# I just spanked my four-year-old...



## SolaScriptura (Apr 8, 2009)

... for praying out loud that God would send someone to beat up my 6-year-old (his sister) because she wouldn't get off her scooter and let him have it the moment he wanted it.


----------



## Backwoods Presbyterian (Apr 8, 2009)

Your son is reliving my childhood...


----------



## py3ak (Apr 8, 2009)

Evidently cursing sometimes returns upon one's own head....


----------



## matt01 (Apr 8, 2009)

Has he been watching the name it & claim it channel?


----------



## Southern Presbyterian (Apr 8, 2009)

I would have done the same thing (spank him). That being said, one could argue that he was just being faithful to the Scriptures.... "vengeance is mine, saith the Lord."


----------



## ww (Apr 8, 2009)

SolaScriptura said:


> ... for praying out loud that God would send someone to beat up my 6-year-old (his sister) because she wouldn't get off her scooter and let him have it the moment he wanted it.



Awww! Well I guess he won't do that again.


----------



## ZackF (Apr 8, 2009)

Backwoods Presbyterian said:


> Your son is reliving my childhood...



Talk about lazy.
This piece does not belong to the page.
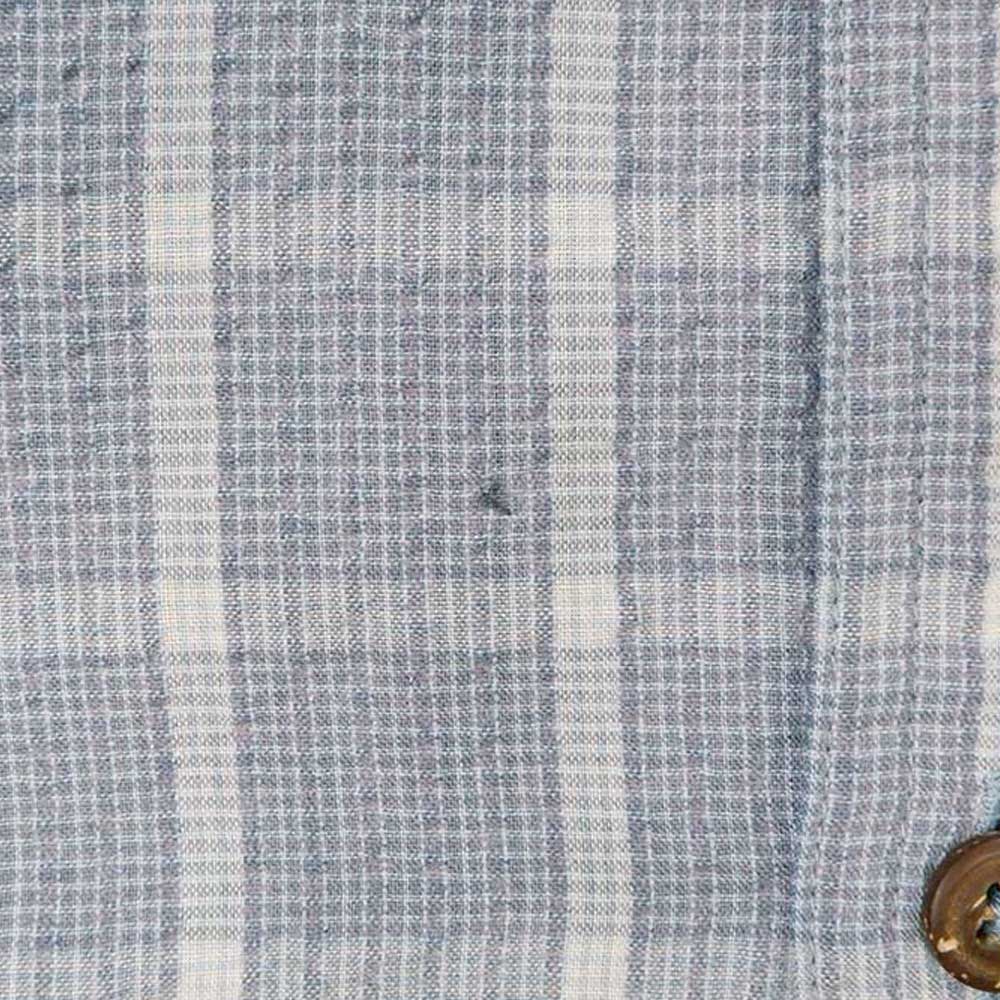 爽やかな配色のチェック柄と、肌離れが良く夏場に最適な凹凸のあるシアサッカー生地を使用した一枚。スリット入りのボックスシルエットで、胸ポケットにフィッツロイタグが縫い付けられている点もポイントです。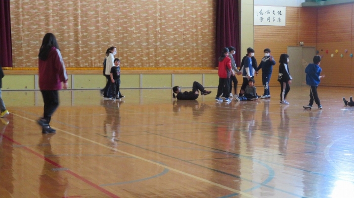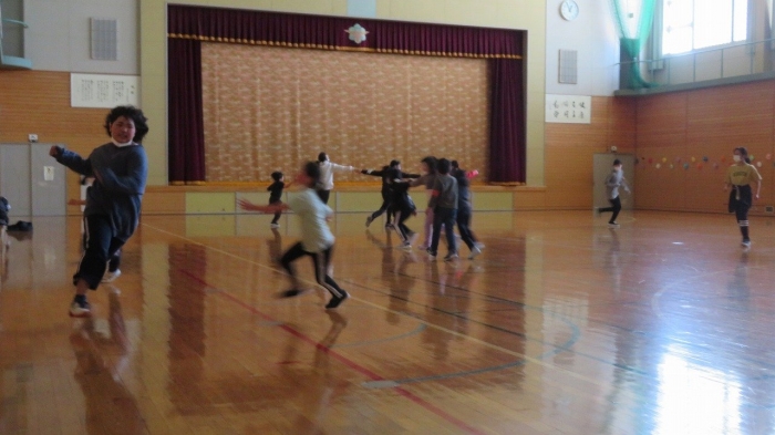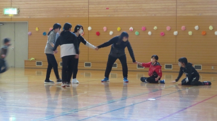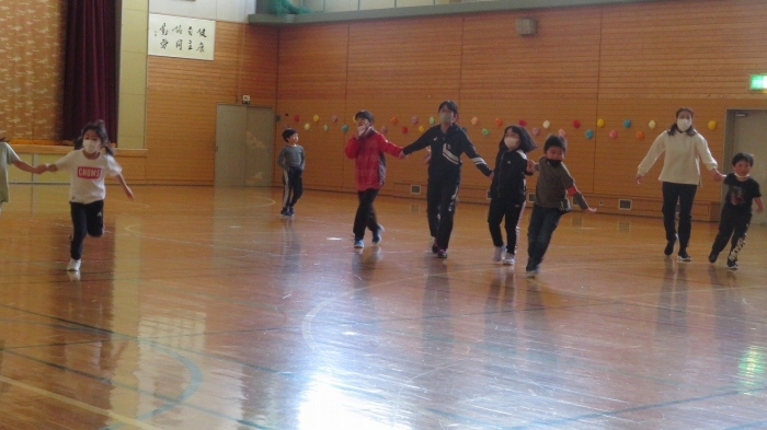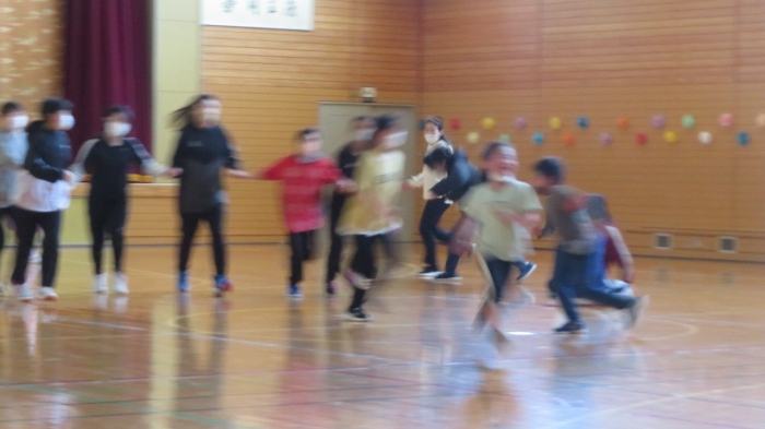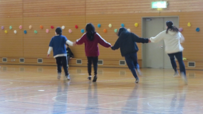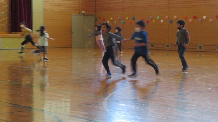 今日の遊びは手つなぎオニ。オニになった人たちが3~4人に分かれて追いかけるというのはよく見かけますが、オニたちが手をつないだままどんどん増えていくバージョンでした。

At least I did my own dirty work and punched my brother myself and would get spankings for that.


----------



## SolaScriptura (Apr 8, 2009)

KS_Presby said:


> Backwoods Presbyterian said:
> 
> 
> > Your son is reliving my childhood...
> ...


----------



## OPC'n (Apr 8, 2009)

SolaScriptura said:


> ... for praying out loud that God would send someone to beat up my 6-year-old (his sister) because she wouldn't get off her scooter and let him have it the moment he wanted it.



 Sorry, that's kind of funny.


----------



## SolaScriptura (Apr 8, 2009)

sjonee said:


> SolaScriptura said:
> 
> 
> > ... for praying out loud that God would send someone to beat up my 6-year-old (his sister) because she wouldn't get off her scooter and let him have it the moment he wanted it.
> ...



I thought so too... that's why I posted it.


----------



## he beholds (Apr 8, 2009)

hahaha. love it.


----------



## PresbyDane (Apr 8, 2009)

funny kid, always mindfull of the Lord


----------



## LawrenceU (Apr 8, 2009)

Ben, that is hilarious. That must have been one of the tougher spankings to give in a way.


----------



## turmeric (Apr 9, 2009)

py3ak said:


> Evidently cursing sometimes returns upon one's own head....


 
I doubt Ben spanked him on the head!


----------



## Semper Fidelis (Apr 9, 2009)

I know I shouldn't laugh because it really does reveal the folly we're commanded to drive from our children's hearts but it is kind of funny. It reminds me of something I heard once that I think is very true and applies in this case: Sin is very cute at times in little kids but, if not dealt with, is not cute at all when they become teenages.

Good job brother.

My son is actually learning from us. I was recently fuming at something my wife had said to me in the car and was visibly angry. Let's just say the reason I was angry was not sanctified and I had some repenting to do. Anyhow, James announces from the back seat: "Daddy, that's sin in your heart."

Phew. Cut to the heart man! I repented to the whole family right away.


----------